» TASK DETAILS
Once the pictures are set aside, copy the records below exactly as they stand.
(Beginning of AVAILABLE DATA)
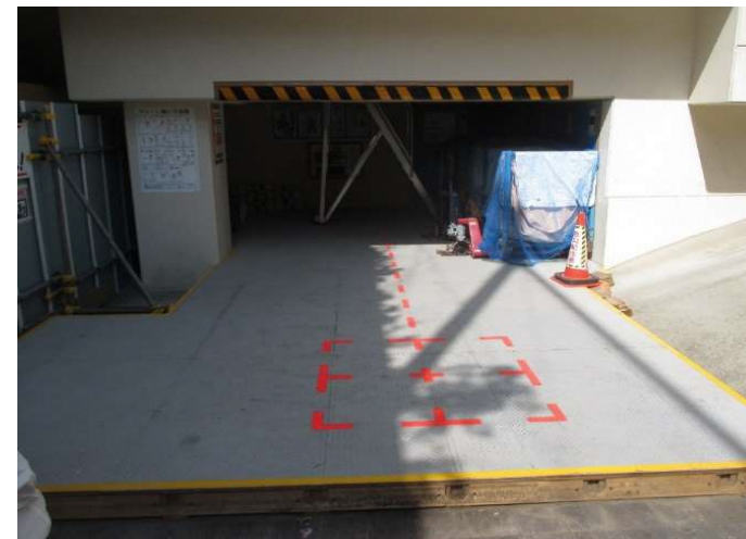
B1階常設区画内部に搬出入用構台を設置して、校庭からの荷を受ける。
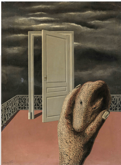
René MAGRITTE (1898-1967) Les cicatrices de la mémoire - 1926-27 Huile sur toile 73 x 54 cm Estimation : 1 500 000 - 2 000 000 CHF 1 500 000 - 2 000 000 €

Les cicatrices de la mémoire , œuvre fascinante de l'artiste belge, ouvre la voie à une multitude d'interprétations. À travers ce tableau, le peintre incarne les caractéristiques distinctives de son style, offrant ainsi un exemple emblématique du Magritte classique.
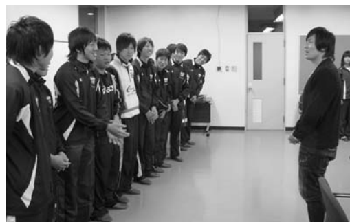
憧れの大畑選手と対面する佐沼高校ラグビー部員

講演では、決して順風満帆ではなかった選手時代や幾多の大けがや困難を克服した経験など、当時を振り返りながら自身のラグビー人生について語り、参加者は熱心に聞き入っていました。
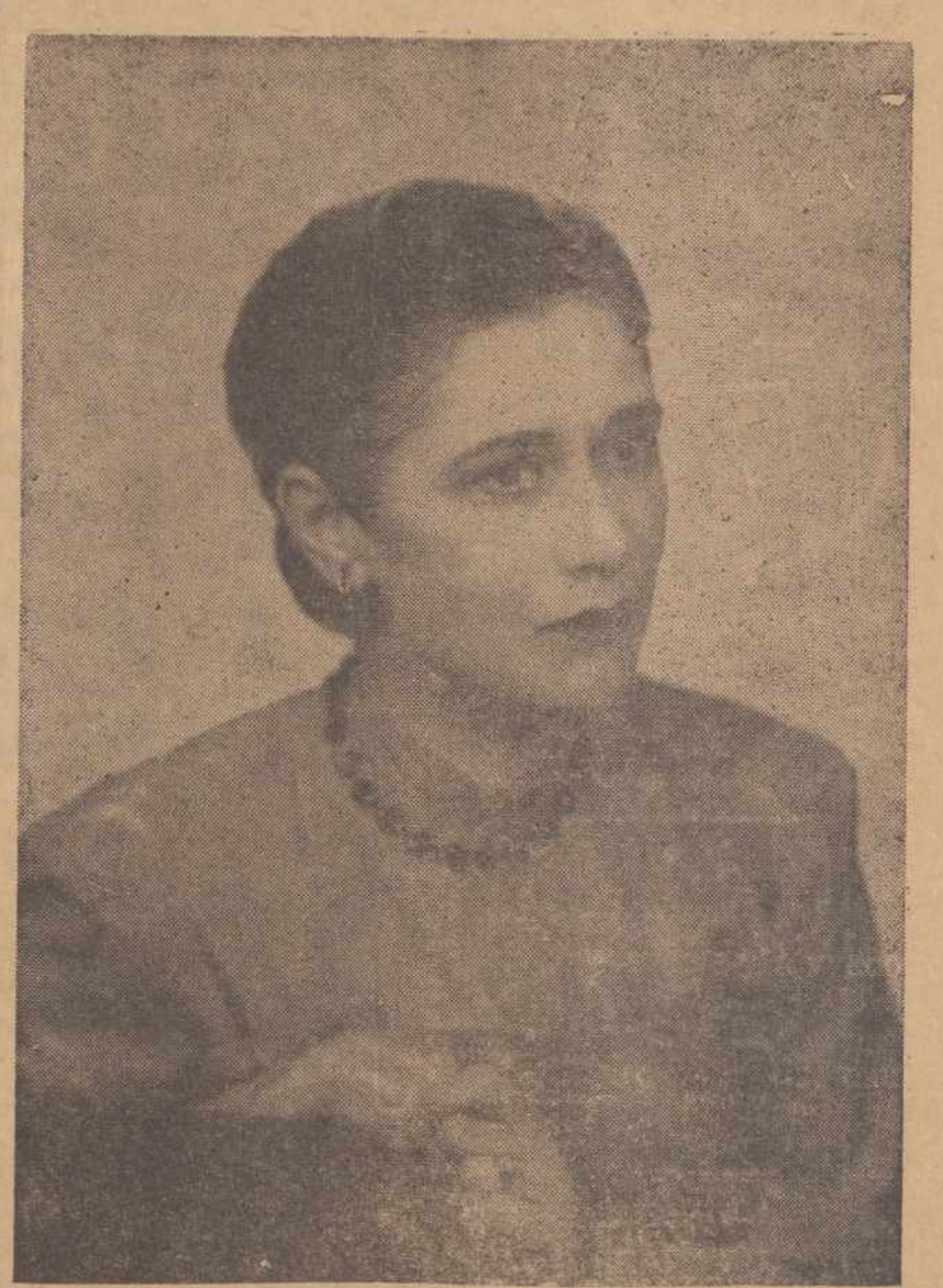
KONGRESO ATSTOVĖ (N. Y.) EDNA F. KELLY, lietuvių bičiulė, kuri dalyvavo ir pasakė kalbą vasario mėn. 17 d. New Yorko Lietuvių Tarybos rengiamame Lietuvos Nepriklausomybės sukakties minėjime.
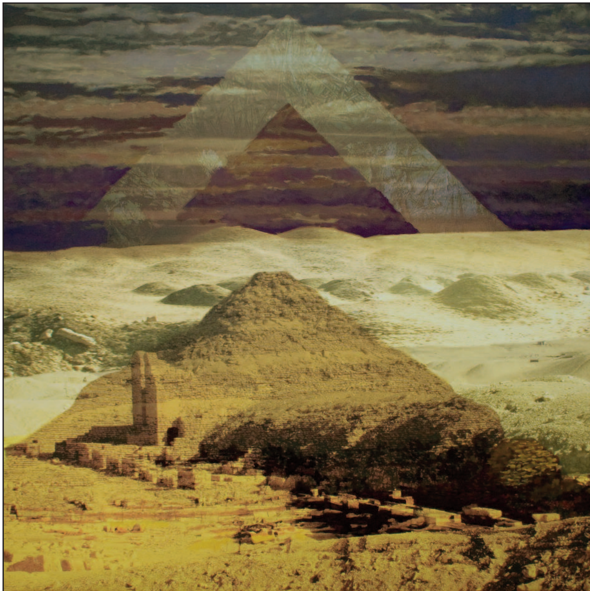
Egyiptom I, 2010. akryl, vegyes technika, vászon, 120x120 cm
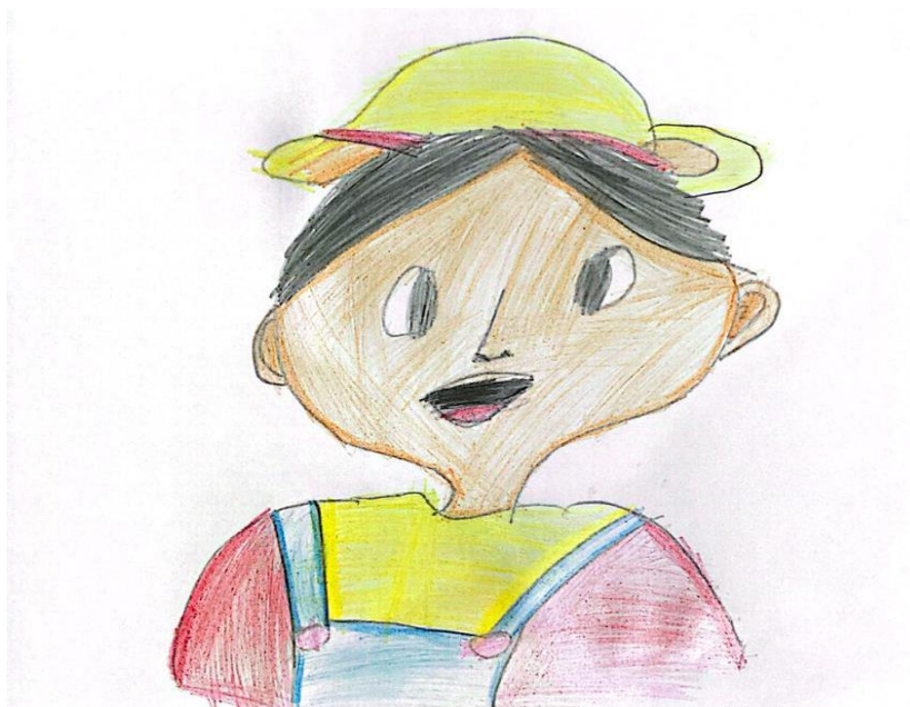
Figura 17 – Ilustração 17.

O pai das crianças ficou muito feliz em receber a notícia, contudo, o mais legal as crianças ainda não tinham contado para ele.
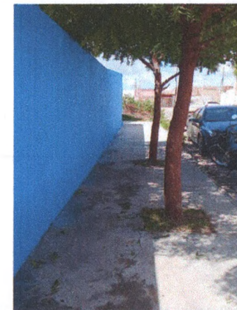
Execução de Piso em Concreto da Calçada

CONCRET CONSTRUÇÕES E SERVIÇOS LTDA Vicente Matheus Rocha Bezerra Engenheiro Civil CREA - SE 2707034703
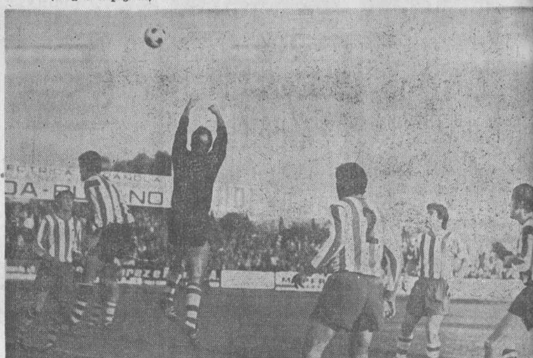
Ante el acoso de los gimnásticos, el meta del Llodio, Cayón, despeja de puños.

CORNERS: Quince lanzó a Gimnástica, cuatro en el primer tiempo y once en el segundo, por ninguno el Llodio.
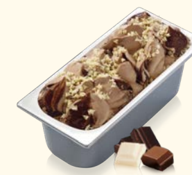
Triple Choc mit Schokoladensauce und weißen Schokostückchen
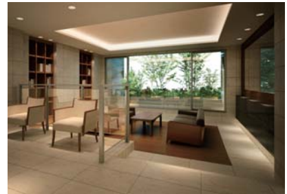
エントランスホール・ラウンジ完成予想CG
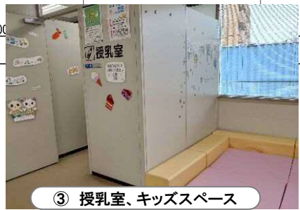
③ 授乳室、キッズスペース
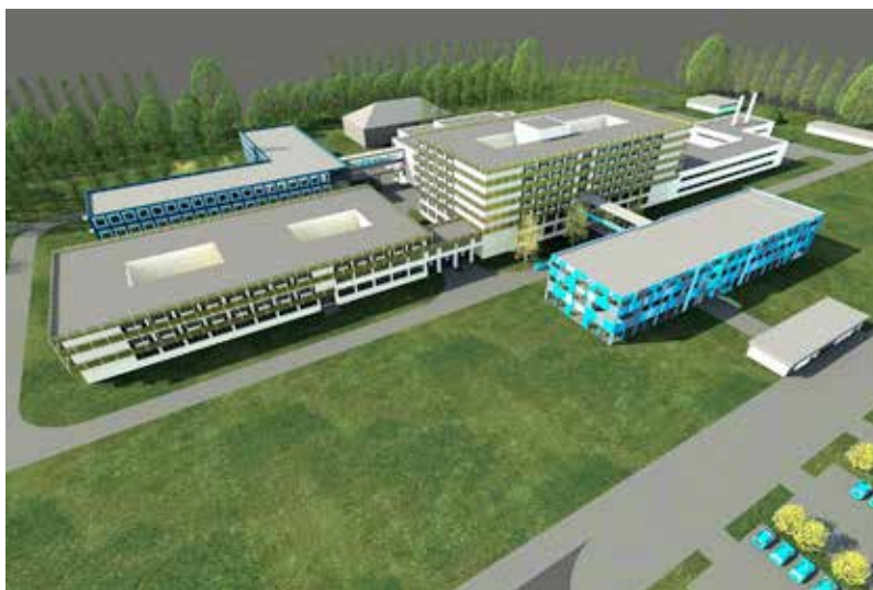
Létrehozzák a járóbeteg-ellátást végző rendelőintézetet és a belgyógyászat épületét

Hosszú út vezetett eddig az örömteli pillanathoz – emeli ki a képviselő. – Szerintem emlékeznek a kedves olvasók, hogy a baloldali kormányzása alatt 600 milliárd forintot vont ki az egészségügyből, aminek köszönhetően a fővárosi betegellátás és a kórházak teljesen leépültek, eladósodtak, a beszerzések elmaradtak, az orvosi eszközök leamortizálódtak, az egészségügyi dolgozók pedig elmenekültek a pályáról és sajnos sokan az országból is – sorolta a képviselő a nehézségeket, amelyeket le kellett küzdeni ennek a nagy volumenű egészségügyi fejlesztéscsomagnak a bejelentéséig. A Fidesz-kormány 2010-től kezdődően folyamatosan pótolja vissza az egészségügyből kivont forrásokat, és a rendszerváltás óta a legnagyobb összeget, 500 milliárd forintot fordított országsszerte az egészségügyi ellátás fejlesztésére. Összesen 77 kórházat, 54 rendelőintézetet és 97 mentőállomást újítottak fel. Országsszerte 23 új rendelőintézetet és 30 új mentőállomás épült. A vidéki kórházak és szakrendelők fejlesztését követően minden idők legnagyobb egészségügyi fejlesztése indul meg Budapesten és környékén, ez az Egészséges Budapest Program.
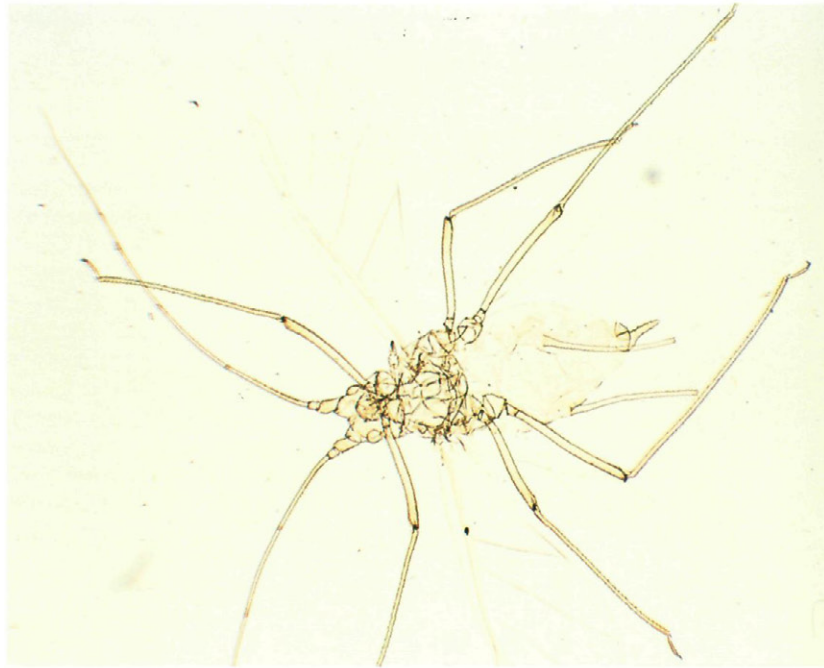
Fig. 1.— Acyrthosiphon (A.) gossypii Mordvilko, 1914 hembra vivípara alada.
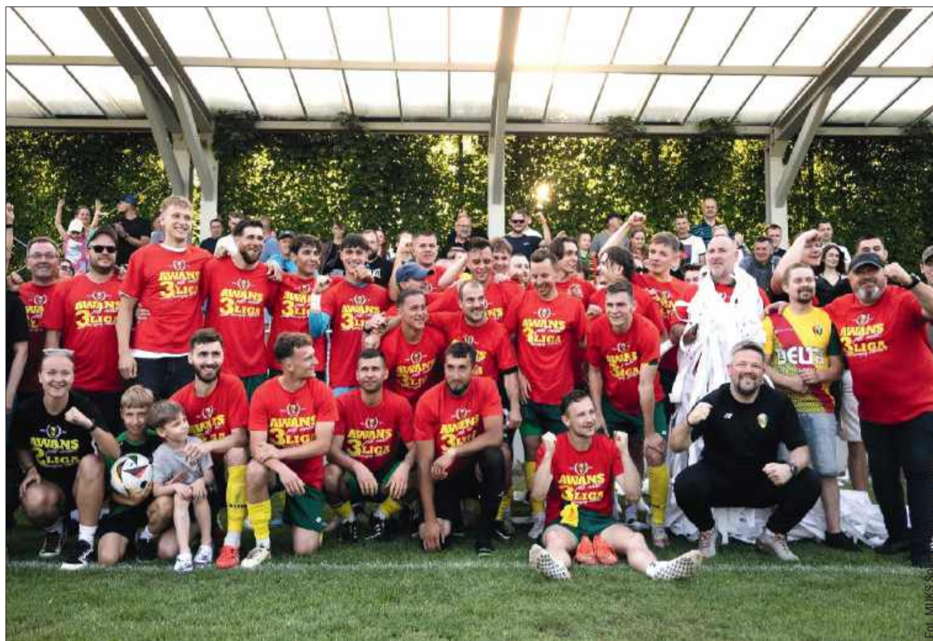
Drużyna z Kolbuszowej Dolnej zakończyła rozgrywki na szczycie tabeli.
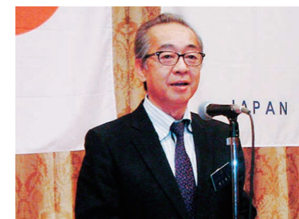
綿引会長エレクトによる開宴の言葉
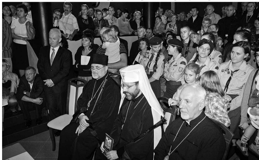
Патріярх на зустрічі з молоддю у білобурській церкві.
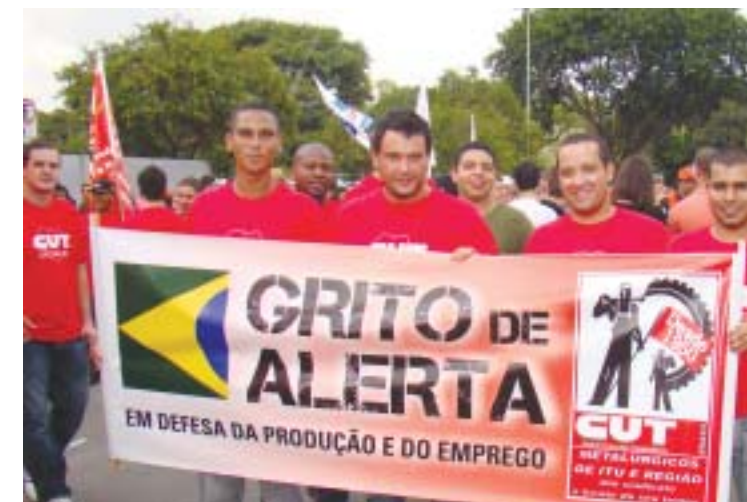
Companheiros no Ato Grito de Alerta
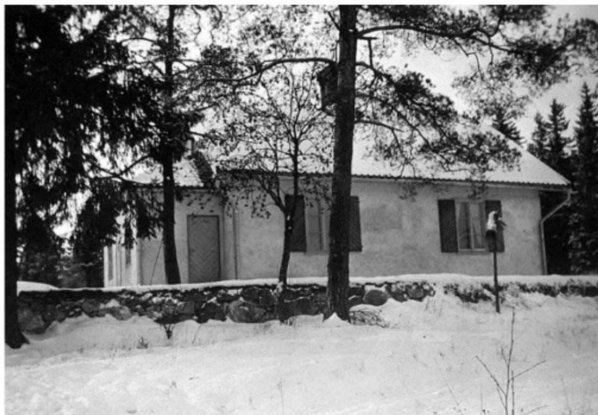
Huset från öster. Det lokalhistoriska arkivet byggs i två plan i slutningen snett till vänster framför huset. Arkivets nedre plan blir under marknivån.
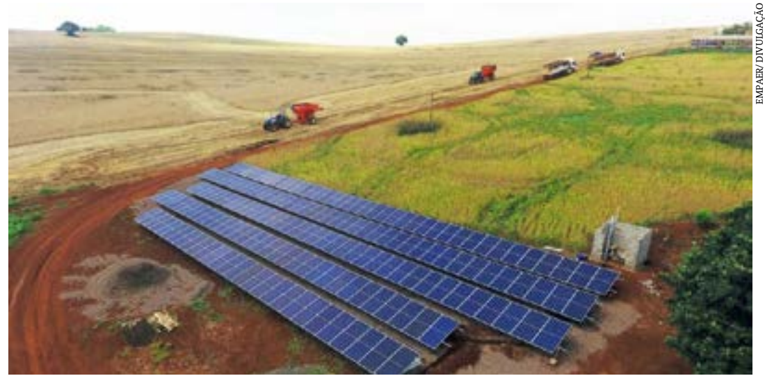
A tecnologia neste setor pode trazer oportunidades de trabalho e renda para as famílias rurais, reduzindo as desigualdades através do desenvolvimento sustentável

A energia solar apresenta enorme potencial de expansão no agronegócio, com diversos benefícios econômicos, ambientais e sociais. A tecnologia neste setor pode trazer oportu-
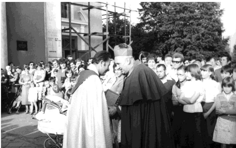
Powitanie Księdza Biskupa
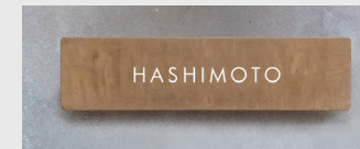
中央/英語 ゴシック体
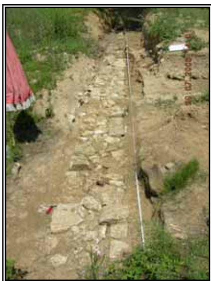
Zone nord d'allée sacrée
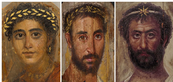
مجموعه تصویرهای ۷. نقاشی‌های مومیایی‌های مصر رومی، فیوم، به ترتیب از راست به چپ: ۱۴۰-۱۶۰ م. بریتانیا، EA74714. مأخذ: (URL7)؛ ۱۵۰-۱۸۰ م. بریتانیا، EA74832. مأخذ: (URL8)؛ ۹۰-۱۲۰ م. متروپولیتن، 09.181.6. مأخذ: (URL9)

و طبیعی در آن‌ها نمی‌توان یافت؛ اما ابن هیثم نقاشی‌هایی را توصیف می‌کند که در آن زبری سطح برگ‌های گیاه، بسیار طبیعی به نظر می‌آید. ۳۴ این ویژگی در شماری از نقاشی‌های مومی که اکنون در دست است، به روشنی دیده می‌شود. برای نمونه همانگونه که در مجموعه (تصاویر ۷) دیده می‌شود، تاج گل‌ها بر سر درگذشته را با ورق طلا یا رنگ طلایی (نماد ابدیت) به حالت طبیعی بازنمایی می‌کردند (Borg, 2010, 9).
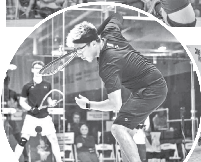
Una jugada del campeón.
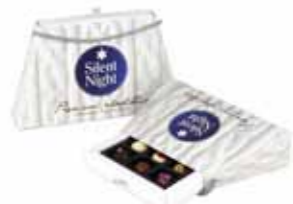
Winter pralinette - torebka
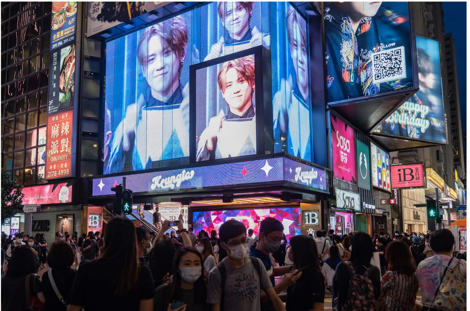
2022年4月30日，香港男團MIRROR成員姜濤生日，他的支持者在銅鑼灣買下多個廣告版為他慶祝，多人前往拍照留念。
(End of AVAILABLE DATA)
» ANSWER AREA
B1階常設区画内部に搬出入用構台を設置して、校庭からの荷を受ける。
René MAGRITTE (1898-1967) Les cicatrices de la mémoire - 1926-27 Huile sur toile 73 x 54 cm Estimation : 1 500 000 - 2 000 000 CHF 1 500 000 - 2 000 000 €

Les cicatrices de la mémoire , œuvre fascinante de l'artiste belge, ouvre la voie à une multitude d'interprétations. À travers ce tableau, le peintre incarne les caractéristiques distinctives de son style, offrant ainsi un exemple emblématique du Magritte classique.
憧れの大畑選手と対面する佐沼高校ラグビー部員

講演では、決して順風満帆ではなかった選手時代や幾多の大けがや困難を克服した経験など、当時を振り返りながら自身のラグビー人生について語り、参加者は熱心に聞き入っていました。
KONGRESO ATSTOVĖ (N. Y.) EDNA F. KELLY, lietuvių bičiulė, kuri dalyvavo ir pasakė kalbą vasario mėn. 17 d. New Yorko Lietuvių Tarybos rengiamame Lietuvos Nepriklausomybės sukakties minėjime.
Egyiptom I, 2010. akryl, vegyes technika, vászon, 120x120 cm
Figura 17 – Ilustração 17.

O pai das crianças ficou muito feliz em receber a notícia, contudo, o mais legal as crianças ainda não tinham contado para ele.
Execução de Piso em Concreto da Calçada

CONCRET CONSTRUÇÕES E SERVIÇOS LTDA Vicente Matheus Rocha Bezerra Engenheiro Civil CREA - SE 2707034703
Ante el acoso de los gimnásticos, el meta del Llodio, Cayón, despeja de puños.

CORNERS: Quince lanzó a Gimnástica, cuatro en el primer tiempo y once en el segundo, por ninguno el Llodio.
Triple Choc mit Schokoladensauce und weißen Schokostückchen
エントランスホール・ラウンジ完成予想CG
③ 授乳室、キッズスペース
Létrehozzák a járóbeteg-ellátást végző rendelőintézetet és a belgyógyászat épületét

Hosszú út vezetett eddig az örömteli pillanathoz – emeli ki a képviselő. – Szerintem emlékeznek a kedves olvasók, hogy a baloldali kormányzása alatt 600 milliárd forintot vont ki az egészségügyből, aminek köszönhetően a fővárosi betegellátás és a kórházak teljesen leépültek, eladósodtak, a beszerzések elmaradtak, az orvosi eszközök leamortizálódtak, az egészségügyi dolgozók pedig elmenekültek a pályáról és sajnos sokan az országból is – sorolta a képviselő a nehézségeket, amelyeket le kellett küzdeni ennek a nagy volumenű egészségügyi fejlesztéscsomagnak a bejelentéséig. A Fidesz-kormány 2010-től kezdődően folyamatosan pótolja vissza az egészségügyből kivont forrásokat, és a rendszerváltás óta a legnagyobb összeget, 500 milliárd forintot fordított országsszerte az egészségügyi ellátás fejlesztésére. Összesen 77 kórházat, 54 rendelőintézetet és 97 mentőállomást újítottak fel. Országsszerte 23 új rendelőintézetet és 30 új mentőállomás épült. A vidéki kórházak és szakrendelők fejlesztését követően minden idők legnagyobb egészségügyi fejlesztése indul meg Budapesten és környékén, ez az Egészséges Budapest Program.
Fig. 1.— Acyrthosiphon (A.) gossypii Mordvilko, 1914 hembra vivípara alada.
Drużyna z Kolbuszowej Dolnej zakończyła rozgrywki na szczycie tabeli.
綿引会長エレクトによる開宴の言葉
Патріярх на зустрічі з молоддю у білобурській церкві.
Companheiros no Ato Grito de Alerta
Huset från öster. Det lokalhistoriska arkivet byggs i två plan i slutningen snett till vänster framför huset. Arkivets nedre plan blir under marknivån.
A tecnologia neste setor pode trazer oportunidades de trabalho e renda para as famílias rurais, reduzindo as desigualdades através do desenvolvimento sustentável

A energia solar apresenta enorme potencial de expansão no agronegócio, com diversos benefícios econômicos, ambientais e sociais. A tecnologia neste setor pode trazer oportu-
Powitanie Księdza Biskupa
中央/英語 ゴシック体
Zone nord d'allée sacrée
مجموعه تصویرهای ۷. نقاشی‌های مومیایی‌های مصر رومی، فیوم، به ترتیب از راست به چپ: ۱۴۰-۱۶۰ م. بریتانیا، EA74714. مأخذ: (URL7)؛ ۱۵۰-۱۸۰ م. بریتانیا، EA74832. مأخذ: (URL8)؛ ۹۰-۱۲۰ م. متروپولیتن، 09.181.6. مأخذ: (URL9)

و طبیعی در آن‌ها نمی‌توان یافت؛ اما ابن هیثم نقاشی‌هایی را توصیف می‌کند که در آن زبری سطح برگ‌های گیاه، بسیار طبیعی به نظر می‌آید. ۳۴ این ویژگی در شماری از نقاشی‌های مومی که اکنون در دست است، به روشنی دیده می‌شود. برای نمونه همانگونه که در مجموعه (تصاویر ۷) دیده می‌شود، تاج گل‌ها بر سر درگذشته را با ورق طلا یا رنگ طلایی (نماد ابدیت) به حالت طبیعی بازنمایی می‌کردند (Borg, 2010, 9).
Una jugada del campeón.
Winter pralinette - torebka
2022年4月30日，香港男團MIRROR成員姜濤生日，他的支持者在銅鑼灣買下多個廣告版為他慶祝，多人前往拍照留念。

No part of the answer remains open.